31 KiB
MiniCPM-o 2.6
Archieve at: 2026-02-02
MiniCPM-o 2.6 is the latest and most capable model in the MiniCPM-o series. The model is built in an end-to-end fashion based on SigLip-400M, Whisper-medium-300M, ChatTTS-200M, and Qwen2.5-7B with a total of 8B parameters. It exhibits a significant performance improvement over MiniCPM-V 2.6, and introduces new features for real-time speech conversation and multimodal live streaming. Notable features of MiniCPM-o 2.6 include:
-
🔥 Leading Visual Capability. MiniCPM-o 2.6 achieves an average score of 70.2 on OpenCompass, a comprehensive evaluation of 8 popular benchmarks. With only 8B parameters, it surpasses widely used proprietary models like GPT-4o-202405, Gemini 1.5 Pro, and Claude 3.5 Sonnet for single image understanding. It also outperforms GPT-4V and Claude 3.5 Sonnet in multi-image and video understanding, and shows promising in-context learning capability.
-
🎙 State-of-the-art Speech Capability. MiniCPM-o 2.6 supports bilingual real-time speech conversation with configurable voices in English and Chinese. It outperforms GPT-4o-realtime on audio understanding tasks such as ASR and STT translation, and shows state-of-the-art performance on speech conversation in both semantic and acoustic evaluations in the open-source community. It also allows for fun features such as emotion/speed/style control, end-to-end voice cloning, role play, etc.
-
🎬 Strong Multimodal Live Streaming Capability. As a new feature, MiniCPM-o 2.6 can accept continuous video and audio streams independent of user queries, and support real-time speech interaction. It outperforms GPT-4o-202408 and Claude 3.5 Sonnet and shows state-of-the-art performance in the open-source community on StreamingBench, a comprehensive benchmark for real-time video understanding, omni-source (video & audio) understanding, and multimodal contextual understanding.
-
💪 Strong OCR Capability and Others. Advancing popular visual capabilities from MiniCPM-V series, MiniCPM-o 2.6 can process images with any aspect ratio and up to 1.8 million pixels (e.g., 1344x1344). It achieves state-of-the-art performance on OCRBench for models under 25B, surpassing proprietary models such as GPT-4o-202405. Based on the latest RLAIF-V and VisCPM techniques, it features trustworthy behaviors, outperforming GPT-4o and Claude 3.5 Sonnet on MMHal-Bench, and supports multilingual capabilities on more than 30 languages.
-
🚀 Superior Efficiency. In addition to its friendly size, MiniCPM-o 2.6 also shows state-of-the-art token density (i.e., the number of pixels encoded into each visual token). It produces only 640 tokens when processing a 1.8M pixel image, which is 75% fewer than most models. This directly improves the inference speed, first-token latency, memory usage, and power consumption. As a result, MiniCPM-o 2.6 can efficiently support multimodal live streaming on end-side devices such as iPads.
-
💫 Easy Usage. MiniCPM-o 2.6 can be easily used in various ways: (1) llama.cpp support for efficient CPU inference on local devices, (2) int4 and GGUF format quantized models in 16 sizes, (3) vLLM support for high-throughput and memory-efficient inference, (4) fine-tuning on new domains and tasks with LLaMA-Factory, (5) quick local WebUI demo, and (6) online web demo on server.
Model Architecture.
- End-to-end Omni-modal Architecture. Different modality encoders/decoders are connected and trained in an end-to-end fashion to fully exploit rich multimodal knowledge. The model is trained in a fully end-to-end manner with only CE loss.
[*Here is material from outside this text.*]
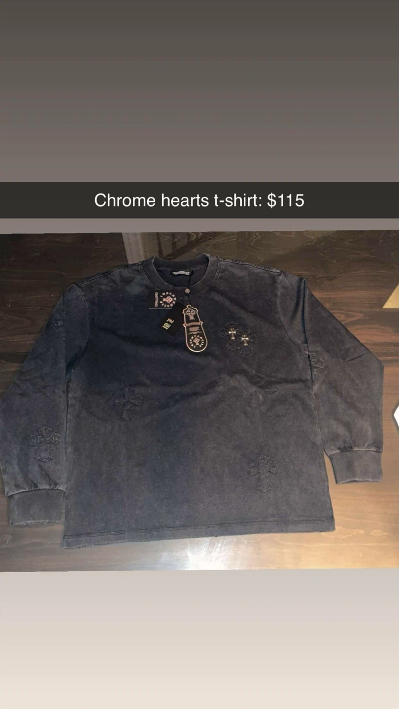 This is a long sleeve Chrome Hearts t-shirt. It features the brand's signature cross motifs printed and embroidered across the fabric. The shirt has a washed black colour.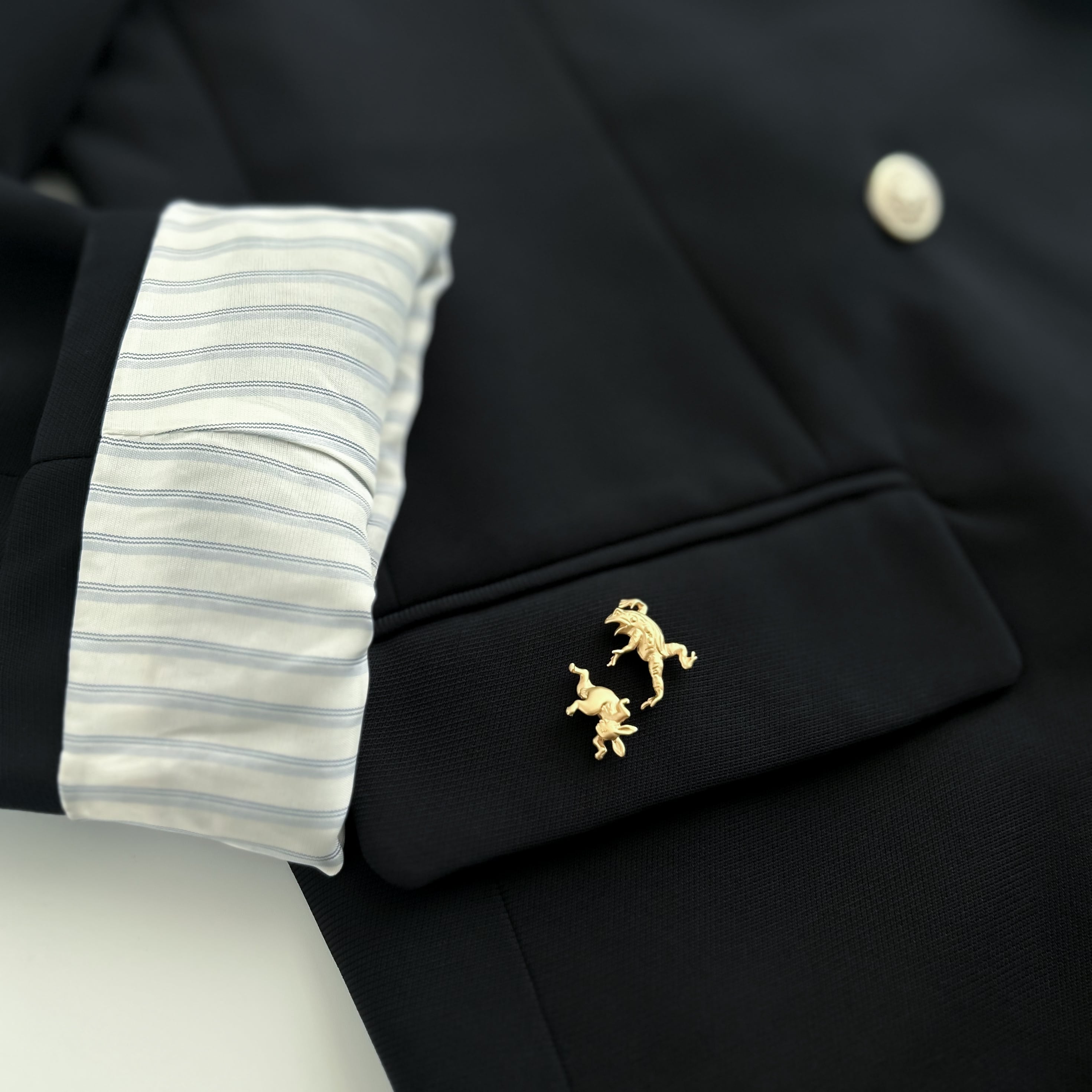 大人気の鳥獣戯画から、うさぎとかえるが相撲を取る有名な場面が、静謐な美しさを持つピンバッジになりました。バッグやブラウス、シャツなどに付けて、大人のファッションのアクセントに。

- Omni-modal Live Streaming Mechanism. (1) We change the offline modality encoder/decoders into online ones for streaming inputs/outputs. (2) We devise a time-division multiplexing (TDM) mechanism for omni-modality streaming processing in the LLM backbone. It divides parallel omni-modality streams into sequential info within small periodic time slices.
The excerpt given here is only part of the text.